• What you have to do
Your answer must be the lines from the one holding "12月31日,青岛农业大学举" through the final line of the entries below, copied exactly, with no pictures.

----- Extracted entries -----

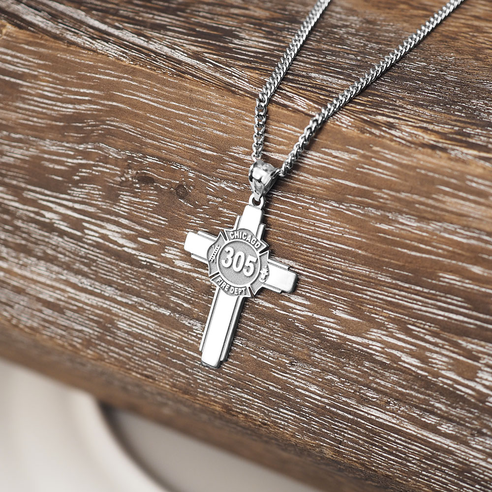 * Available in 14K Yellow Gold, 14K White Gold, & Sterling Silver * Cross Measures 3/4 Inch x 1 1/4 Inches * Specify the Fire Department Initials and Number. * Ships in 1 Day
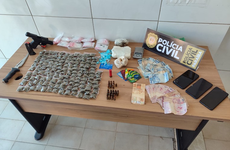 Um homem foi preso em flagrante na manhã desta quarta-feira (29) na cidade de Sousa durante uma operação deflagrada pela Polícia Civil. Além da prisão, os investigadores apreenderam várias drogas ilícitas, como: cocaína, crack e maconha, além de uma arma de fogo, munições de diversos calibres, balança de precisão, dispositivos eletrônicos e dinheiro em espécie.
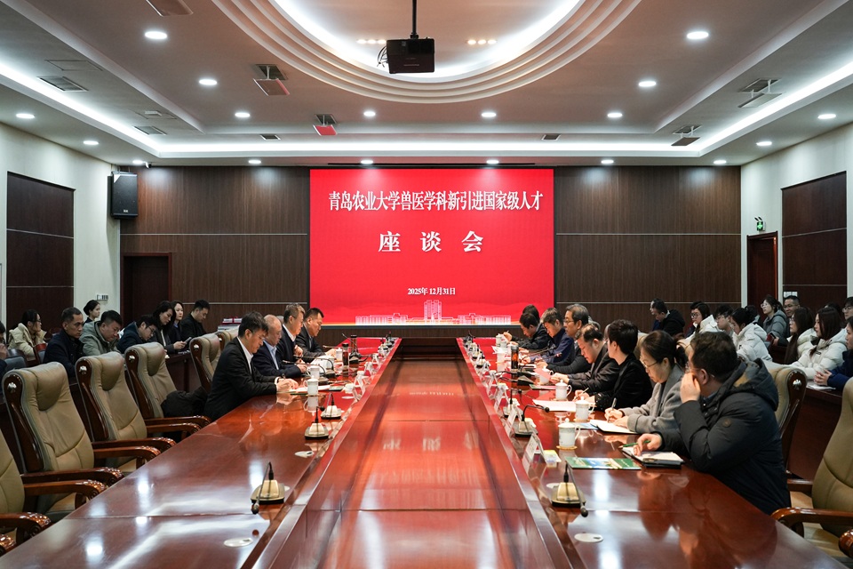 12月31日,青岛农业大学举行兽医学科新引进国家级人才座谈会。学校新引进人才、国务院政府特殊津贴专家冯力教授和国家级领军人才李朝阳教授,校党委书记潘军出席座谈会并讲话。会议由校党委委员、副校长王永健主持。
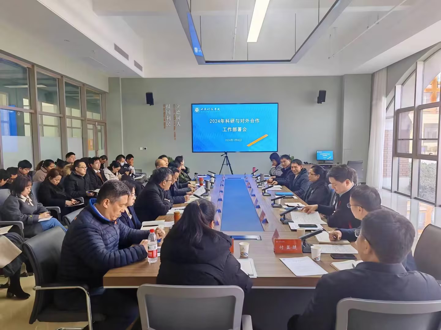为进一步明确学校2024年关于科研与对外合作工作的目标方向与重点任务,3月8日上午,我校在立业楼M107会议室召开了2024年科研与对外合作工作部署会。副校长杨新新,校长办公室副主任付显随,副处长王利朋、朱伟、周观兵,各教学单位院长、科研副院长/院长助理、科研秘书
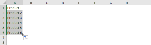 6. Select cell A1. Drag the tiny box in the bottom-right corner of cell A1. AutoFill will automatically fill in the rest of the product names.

-----

• Answer box
 12月31日,青岛农业大学举行兽医学科新引进国家级人才座谈会。学校新引进人才、国务院政府特殊津贴专家冯力教授和国家级领军人才李朝阳教授,校党委书记潘军出席座谈会并讲话。会议由校党委委员、副校长王永健主持。
为进一步明确学校2024年关于科研与对外合作工作的目标方向与重点任务,3月8日上午,我校在立业楼M107会议室召开了2024年科研与对外合作工作部署会。副校长杨新新,校长办公室副主任付显随,副处长王利朋、朱伟、周观兵,各教学单位院长、科研副院长/院长助理、科研秘书
 6. Select cell A1. Drag the tiny box in the bottom-right corner of cell A1. AutoFill will automatically fill in the rest of the product names.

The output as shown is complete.